NO WRITER ATTRIBUTED

The Harvard Crimson assumes no responsibility for the sentiments expressed by correspondents, and reserves the right to exclude any communication whose publication may for any reason seem undesirable. Except by special arrangement, communications cannot be published anonymously.

To the Editor of the CRIMSON:

In last Saturday's CRIMSON an article appeared by Mr. Virgil Thomson purposing to be a criticism of a recent concert given by the Pierian Sodality Orchestra. It is generally supposed that the word criticism means an expression of one's views from an unbiased and impersonal standpoint--especially in its application to concerts, paintings, and the like. Certainly none but a most unmitigated neurastheniac would attempt to apply this somewhat broad definition to Mr. Thomson's effort of Saturday last. That there was something radically unfair about his "criticism" and his presumptuous attitude the following three points will, I hope, make clear.

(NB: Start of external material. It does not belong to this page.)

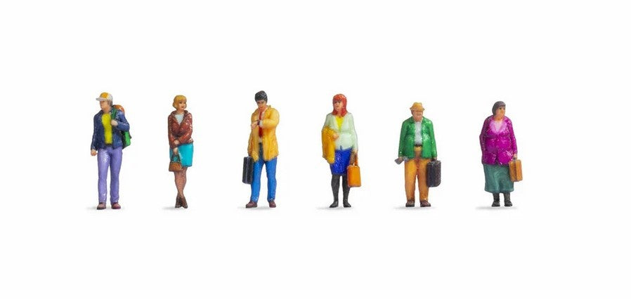 Reisen ohne Gepäck? Das gibt es selten! Auch unsere Modellfiguren reisen mit Koffer und Rucksack. Vier Figuren tragen einen Koffer, eine einen Rucksack und eine weitere Dame trägt eine kleine Handtasche.

First, in his reference to the manner in which the music was played. I have delayed the writing of this letter in order to await the result of the orchestra's trip to Springfield last Sunday. Here if played precisely the same music as at the Brattle Hall Concert. Had this concert been a failure, as I was led to believe by Mr. Thomson's article, the Brattle Hall Concert was, I would have doubtless been forced to believe the half truths of his article. However, I am saved from this painful conclusion by the following facts; an audience of over two thousand persons applauded and approved to such an extent that an encore was necessary; the critics, whom we are led to believe, are of at least as good a mental caliber as Mr. Thomson, unanimously accredited the orchestra with "a high degree of musical ensemble," and hailed it as "long among the best of college orchestras." Moreover from personal observation it did not seem to me that many among the audience at the Brattle Hall Concert shared Mr. Thomson's somewhat slanderous opinion of the occasion.

The second point which I wish to mention is this: the connotation of Mr. Thomson's article is that the Pierian Sodality Orchestra is rapidly on the decline. This I know is not the case--in either case this matter would seem not to be within the jurisdiction of a "musical critic." It would seem that he draws his conclusion from the absurd caption "unskilled instrumentalists cannot rival professionals"--a statement the fallacy of which in connection with the Pierian Orchestra, made up of students, would at once be apparent to even an "adenoidial moron." Furthermore, were the Pierian Sodality in any such state of affairs, as Mr. Thomson describes, the Music Department of this University, under whose constant guidance and advice it acts, would have long since corrected these conditions.

While I refer Mr. Thomson to that time-worn but in this case extremely appropriate fable of the fox and the grapes. I feel called upon to ask why he should have interested his famous Tangos to be played by a "Village Band," why he should indulge in a play of terms like "sheet-music trade, "familiar restaurant repotory," and "a tender and devoted skill," and why as a candidate for position of Conductor of the Pierian Orchestra last fall, he should now cry for another Davison.

At least Mr. Thompson does not represent the Music Department in his article, though he may endeavor to give such an impression. Were his a musical criticism, written fairly and sympathetically as one would expect from a man in Mr. Thomson's position and of Mr. Thomson's ability, instead of a hodge-podge of personalities, the Pierian would not feel called upon to raise its voice. Charles G. Thompson '27.